I recall a few breakfasts that were in a class of their own and enjoyed outdoors where the appetite is keenest. Once I had breakfast on the top of the Dent de Jaman in Switzerland. We left our boarding school in the middle of the night and hiked four hours by flashlight to be at the top of the mountain for dawn. I can still taste those hard boiled eggs and apples, eaten while perched amidst the alpine bees and flowers as dawn broke. Even my fear of heights could not diminish my enjoyment of that remarkable experience.

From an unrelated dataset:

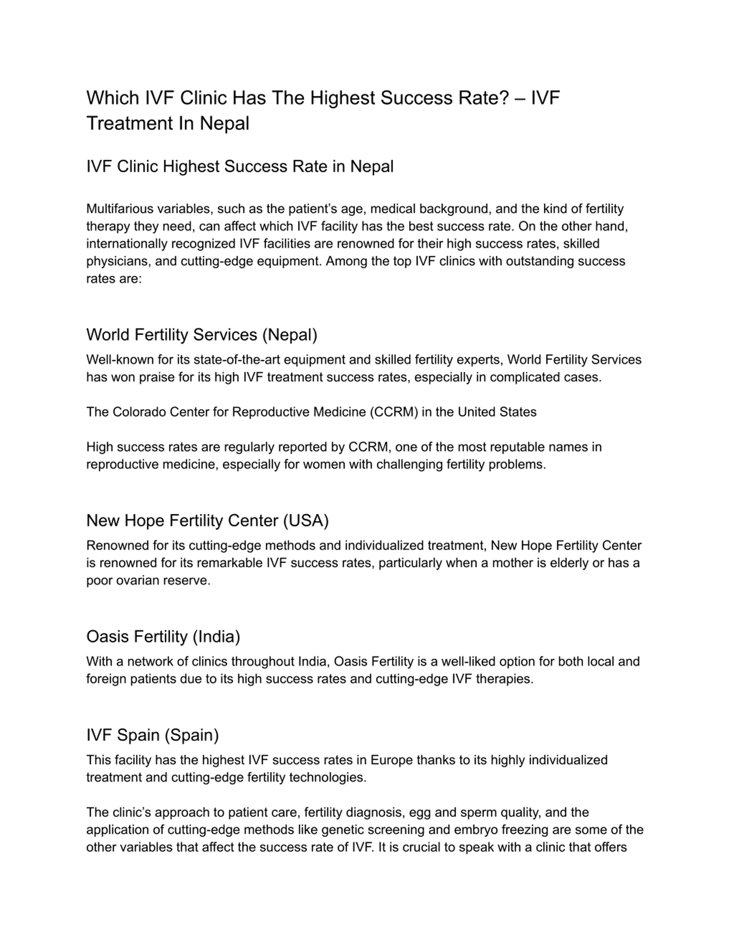 Which IVF Clinic Has The Highest Success Rate? IVF Treatment In Nepal IVF Clinic Highest Success Rate in Nepal Multifarious variables, such as the patient s age, medical background, and the kind of fertility therapy they need, can affect which IVF facility has the best success rate. On the other hand, internationally recognized IVF facilities are renowned for their high success rates, skilled physicians, and cutting-edge equipment. Among the top IVF clinics with outstanding success rates are: World Fertility Services (Nepal) Well-known for its state-of-the-art equipment and skilled fertility experts, World Fertility Services has won praise for its high IVF treatment success rates, especially in complicated cases. The Colorado Center for Reproductive Medicine (CCRM) in the United States High success rates are regularly reported by CCRM, one of the most reputable names in reproductive medicine, especially for women with challenging fertility problems. New Hope Fertility Center (USA) Renowned for its cutting-edge methods and individualized treatment, New Hope Fertility Center is renowned for its remarkable IVF success rates, particularly when a mother is elderly or has a poor ovarian reserve. Oasis Fertility (India) With a network of clinics throughout India, Oasis Fertility is a well-liked option for both local and foreign patients due to its high success rates and cutting-edge IVF therapies. IVF Spain (Spain) This facility has the highest IVF success rates in Europe thanks to its highly individualized treatment and cutting-edge fertility technologies. The clinic s approach to patient care, fertility diagnosis, egg and sperm quality, and the application of cutting-edge methods like genetic screening and embryo freezing are some of the other variables that affect the success rate of IVF. It is crucial to speak with a clinic that offers

Many years later, I camped with three friends in the mouth of the ancient Nabatean tombs of Mada'in Saleh in Saudi Arabia. We shared a simple breakfast on a shabby oriental carpet outside those majestic reddish tombs: flat bread sprinkled with za'atar, a delicious mixture of thyme, sesame seeds and sumac, served with olives and fresh dates fallen from a date palm tree, all washed down with sweet tea. As lovely as this breakfast was, it ended abruptly when a scorpion scuttled across the carpet.

Many societies value breakfast and do it much better than North America's bland Egg McMuffins, toast and coffee.

A world of breakfasts beckons. I have yet to be introduced to shakshouka, an Israeli dish of poached eggs, the chilaquiles of Mexico, the curries of Myanmar or the kaya toast of Singapore. I understand Venezuelans do breakfast very well with their arepas, stuffed with a variety of tasty fillings, but given their political and economic unrest, I doubt I will be travelling any time soon to Caracas for breakfast.

Lately, the discussions about breakfast are usually earnest debates on school children eating nutritious meals so they are "ready to learn," which is of course very important. But these debates do not touch on the pure unmitigated pleasure of breaking the fast at the beginning of each day.

At breakfast, there is always hope!

Carol Sutherland-Brown lives in Ottawa.